**What is expected:** Only the lines holding the string "para" are needed; copy each of them from the data.

**Data for review:**
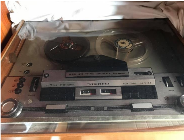
Slika 11 Magnetofon

»Na misel mi najprej pridejo Slaki, Avseniki, Don Juan in drugi. Imel sem tudi gramofon in magnetofon, ter pesmi sem snemal na trakove.«
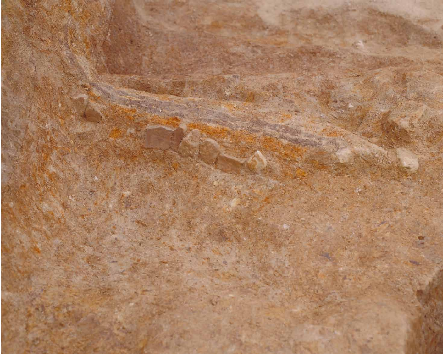
写真 36. 条坊跡第 275 次調査 275SX060 外壁一部（南から）
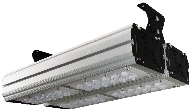
Street 200 на скобе
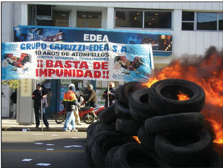
Ante las puertas de EDEA, continuamos con el reclamo por un aumento salarial y el fin de la impunidad.

cia, en este caso al Ministerio de Trabajo. Como dicen los 'considerandos' de la Resolución de la conciliación obligatoria, la empresa le pide al Ministerio en una carta documento del 2 de agosto que intervenga en el conflicto. Y sin embargo, planteada la posición de las partes, demostró en esta audiencia que no está dispuesta a dar un paso adelante».
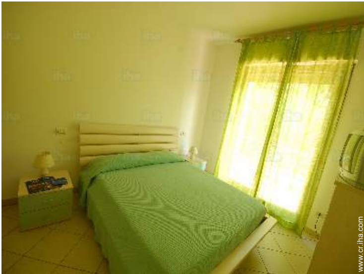
vista desde el dormitorio
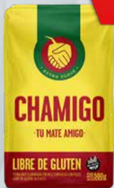
YERBA CHAMIGO x 500 gr.
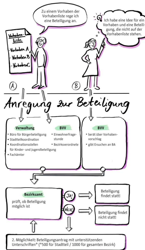
Abb.2: Schema zur Anregung von Bürgerbeteiligung

Ob ein Beteiligungsverfahren zu einem Vorhaben vorgesehen ist, kann aus den Projektsteckbriefen entnommen werden. Sollte es von dem Bezirksamt nicht vorgesehen sein eine Beteiligung durchzuführen, kann dies durch die Bürgerschaft angeregt werden. Auf welchen Wegen das möglich ist, verdeutlicht die nachstehende Grafik:
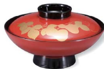
7-206-9 (33100655) ¥3,600 朱ツバ黒/ひょうたん内黒 TA
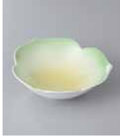
79-16-77G 1,100円 三葉黄ヒツ吹松花堂 12×4cm
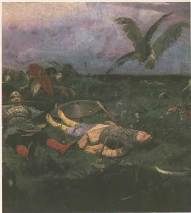
ПОСЛЕ ПОБОИЩА ИГОРЯ СВЯТОСЛАВИЧА С ПОЛОВЦАМИ. (Фрагмент).
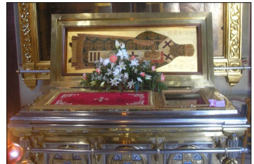
Τὰ Λείψανα τοῦ Ἁγίου Ἰννοκεντίου. Καθεδρικός Ναὸς Κοιμήσεως τῆς Θεοτόκου, Λαύρα Ἁγίου Σεργίου.

Τὸ 1862 μετέφερε τὴν ἔδρα του στὸ Μπλαγκοβεχτσένσκ 6 , μὲ σκοπὸ νὰ μείνῃ στὸ ἐξῆξ μονίμως. Γ ερασμένος πλεον, μὲ τὰ μάτια του νὰ πάσχουν ὕστερα ἀπὸ τόσες περιοδεῖες μέσα στὰ χιόνια, ἐξαντλημένος ἀπὸ τὶς κακουχίες, σκεφ-
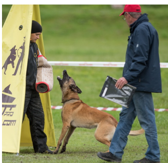
Foto: Escondite para preparación de competencias IGP
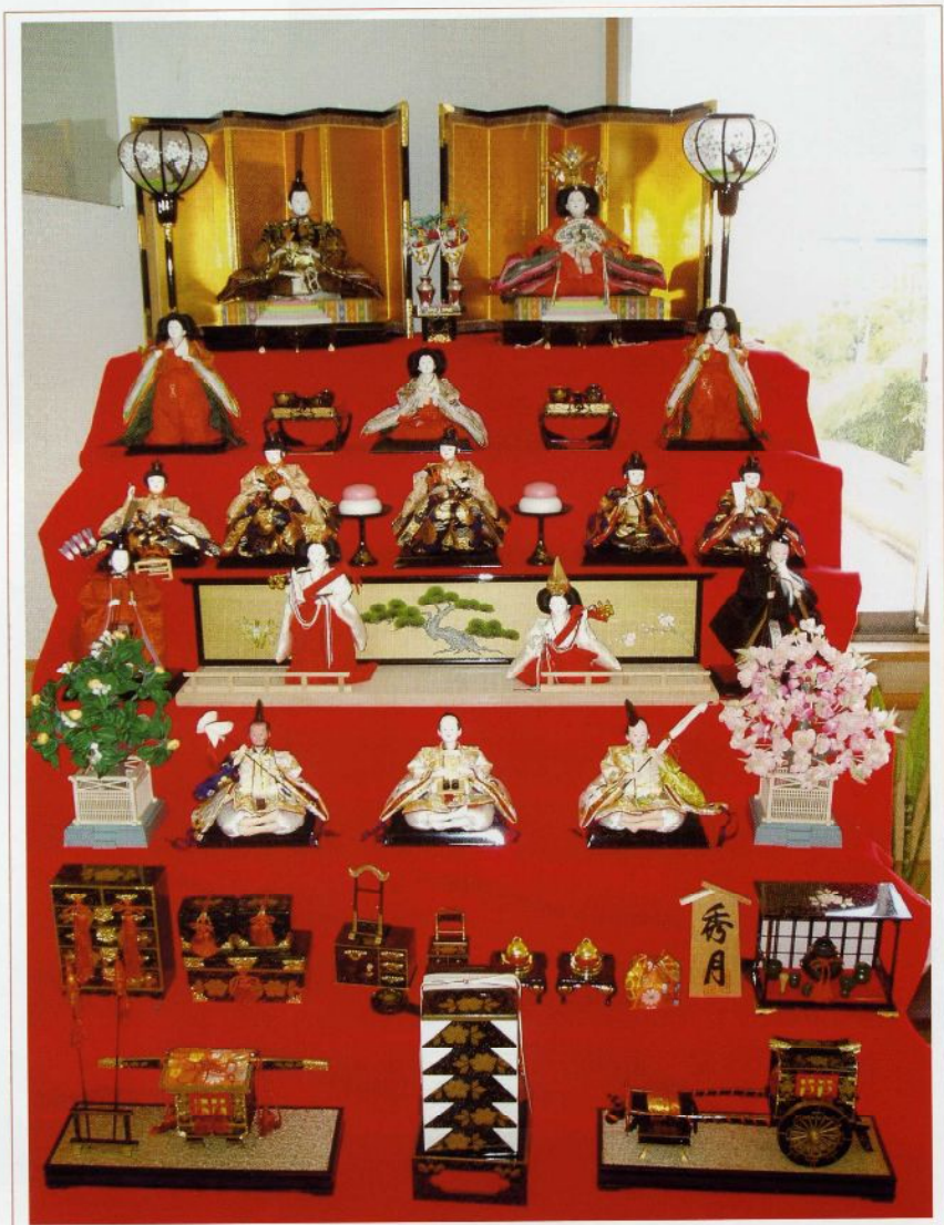
地域の方からお譲りいただいた素晴らしい雛壇です。
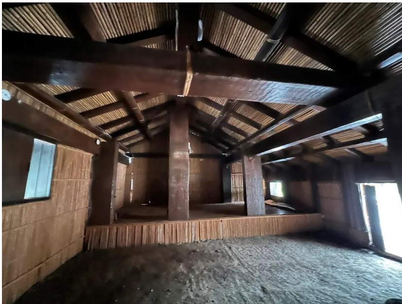
♪阿美族傳統家屋&建造家屋參考影片：

https://www.youtube.com/watch?v=0UmIpJd6Wm0&t=16s
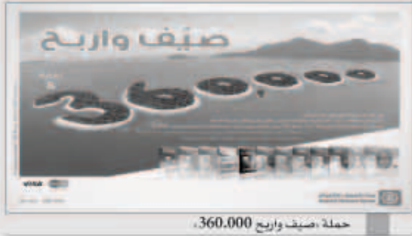
حملة «صيف واربح» 360.000.
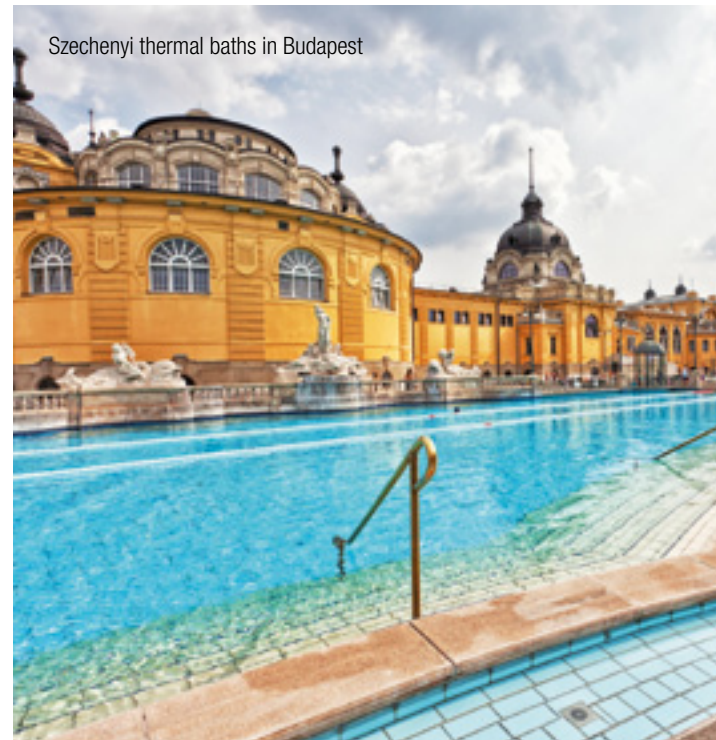
Szechenyi thermal baths in Budapest

Our competent InterGest partners will assist you in over 50 countries, from Canada to New Zealand, where a team of around 750 employees currently provides consulting services to approximately 1,700 branches of international companies.
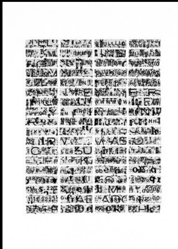
Ensaio para uma Nova Expressão da Escrita III, 1978

http://ocontrariodotempo.blogspot.com.es/
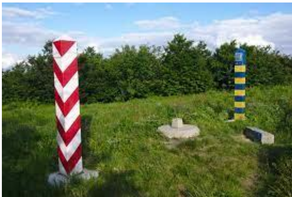
Рис. 1. Державний кордон України та Республіки Польща, ділянка розташовану у Львівській області, Самбірський район, Добромільська міська рада (за межами населених пунктів)
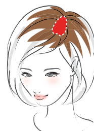
毛長 (シリーズ共通)
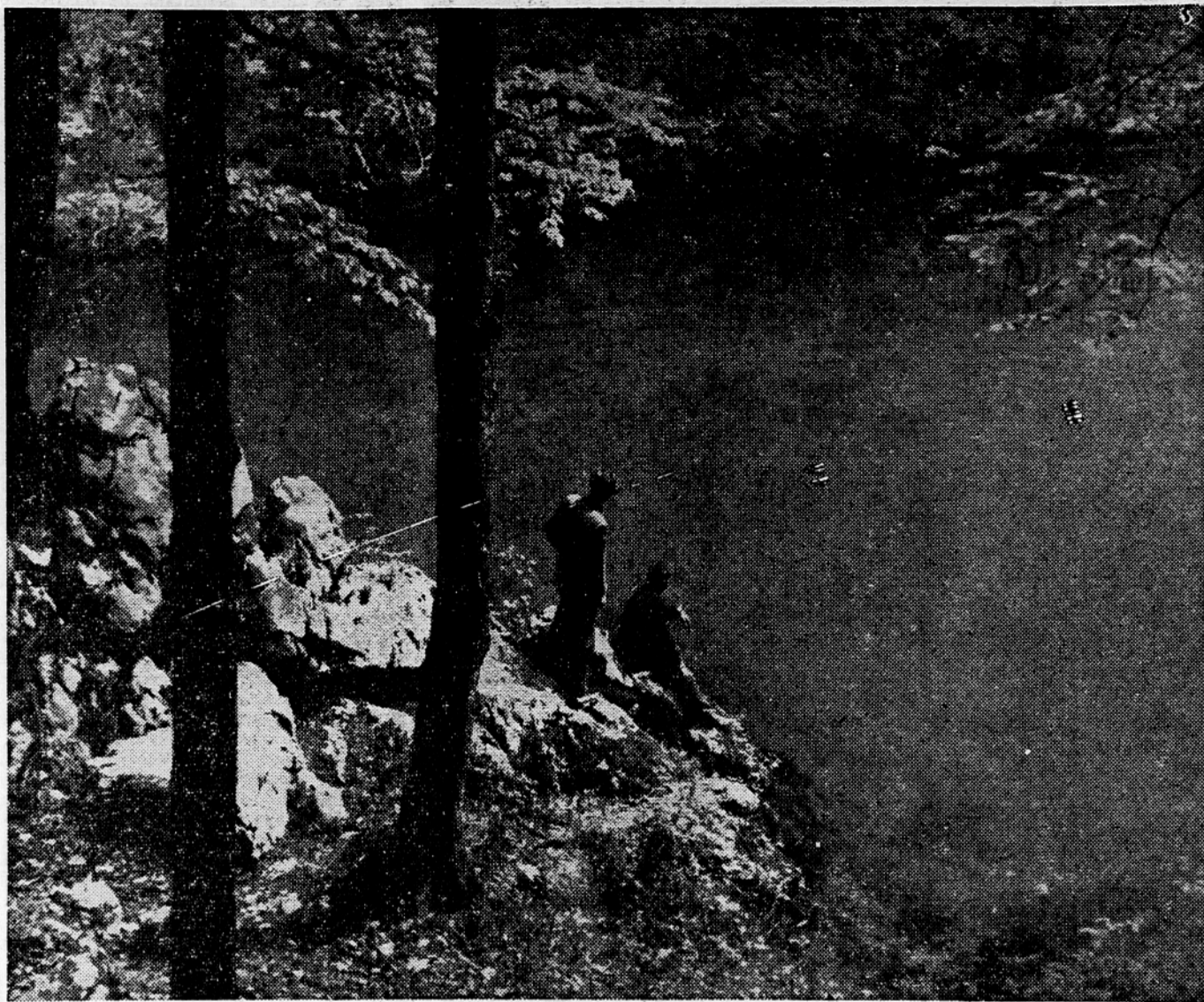
Divje Jezero pri Idriji

Na pobudo slovenskih tekstilnih podjetij je bilo te dni v Mariboru kot mestu z dolgoletno tradicijo tekstilne industrije ustanovljeno Združenje tekstilnih proizvajalcev FLRJ. Naloga Združenja je, da na podlagi medsebojnih posvetovanj sprejema sklepe, stavlja predloge in ukrepa o vsem, kar je potrebno za reševanje vprašanj, ki se nanašajo na tekstilno industrijo. Članstvo v Združenju je prostovoljno, vendar je po razpravi na ustanovnem sestanku v Mariboru mogoče trditi, da se bodo članstva v Združenju vsa tekstilna podjetja Jugoslavije.
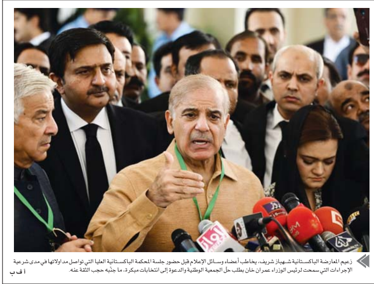
زعيم المعارضة الباكستانية شهباز شريف، يخاطب أعضاء وسائل الإعلام قبل حضور جلسة المحكمة الباكستانية العليا التي اواصل مدالائها في مدى شرعية الإجراءات التي سمحت لرئيس الوزراء عمران خان بطلب حل الجمعية الوطنية والدعوة إلى انتخابات مبكرة، ما جذبته حجب الثقة عنه.

رهب مجلس الأمن الدولي بإعلان المبعوث الخاص للأمم لعام للأمن المتحدة إلى اليمن لمدة شهرين، فيما طلب الرئيس اليمني بتدخل خليجي لاتخاذ البلاد من جماعة مقبلة. وقال أعضاء مجلس الأمن في بيان لهم إن الهدنة فرصة لتخفيف المعاناة الإنسانية لليمنيين وتحسين الاستقرار الإقليمي. ودعوا إلى إقحام الفقرة التي توغرها الهدنة والعمل على الميوت الخاص للأمم المتحدة لإجراء تقدم معروف شامل لإطلاق النار وضوية سياسية شاملة. وحث الأعضاء على بناء الثقة من خلال إجراءات مثل إعادة فتح طريق تعز، على سبيل المثال لا الحصر، والتوقف المنتظم لشحنات الوقود والبضائع والحلات الجوية، وفقاً للهدنة المتفق عليها. وأكدوا دعمهم الكامل للجهود المتعددة بالمشاورات السياسية التي يبذلها المبعوث الخاص للأمم المتحدة. وجدد أعضاء المجلس التأكيد على ضرورة الملحة لعملية شاملة بقيادة
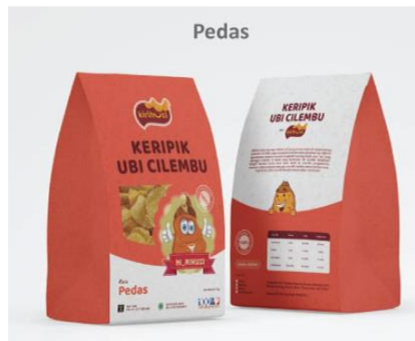
Gambar 20: Desain label kemasan Kirihuci varian rasa pedas.
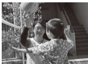
地域活性化や安全・安心なまちづくりへの取組 (写真:『こどもホコテン!』)
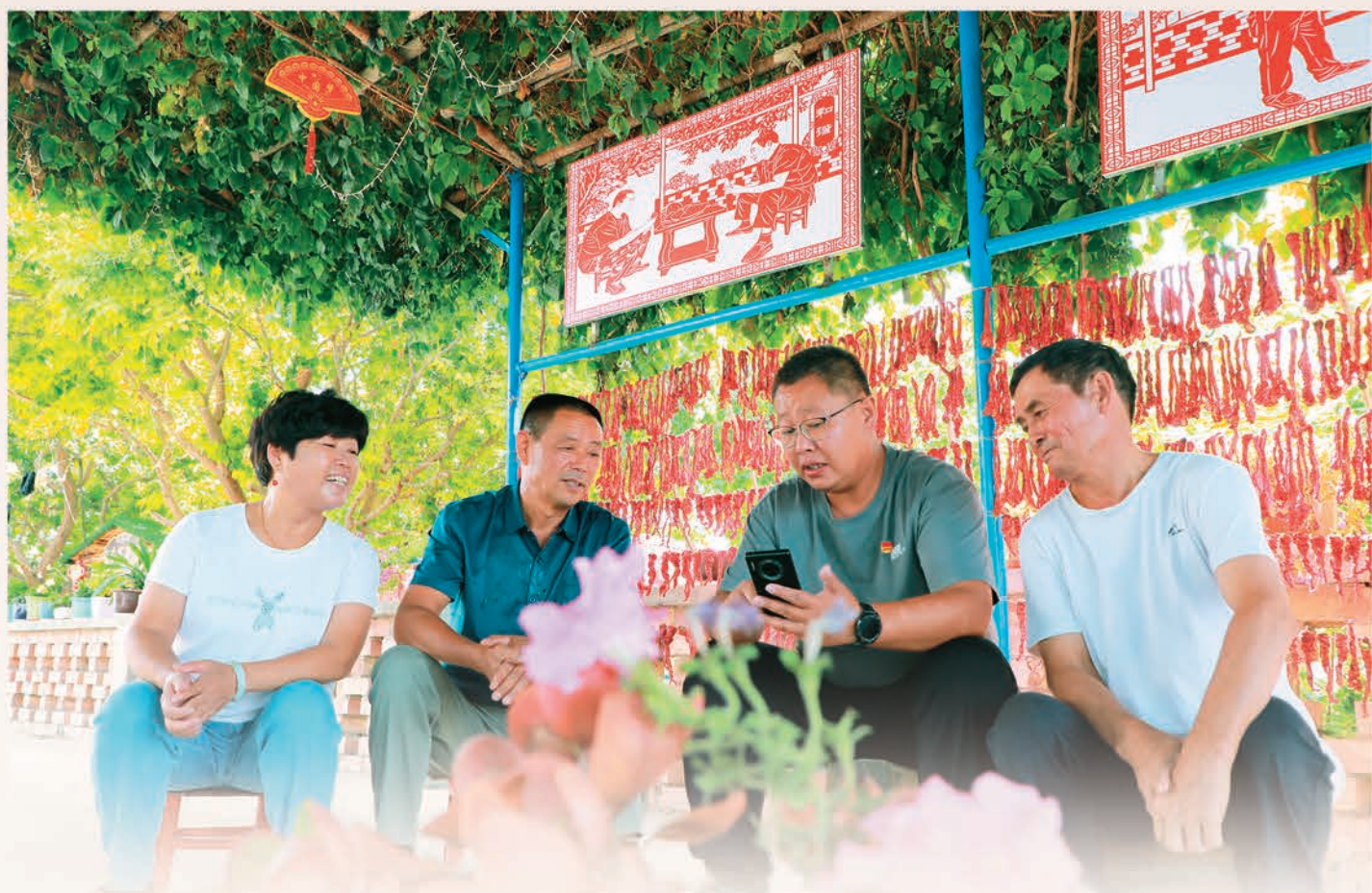
和硕县新塔热乡党委推进干部包村联户工作,打好群众基础,夯实基层根基。

**Answer space:**
Foto: Escondite para preparación de competencias IGP
Ensaio para uma Nova Expressão da Escrita III, 1978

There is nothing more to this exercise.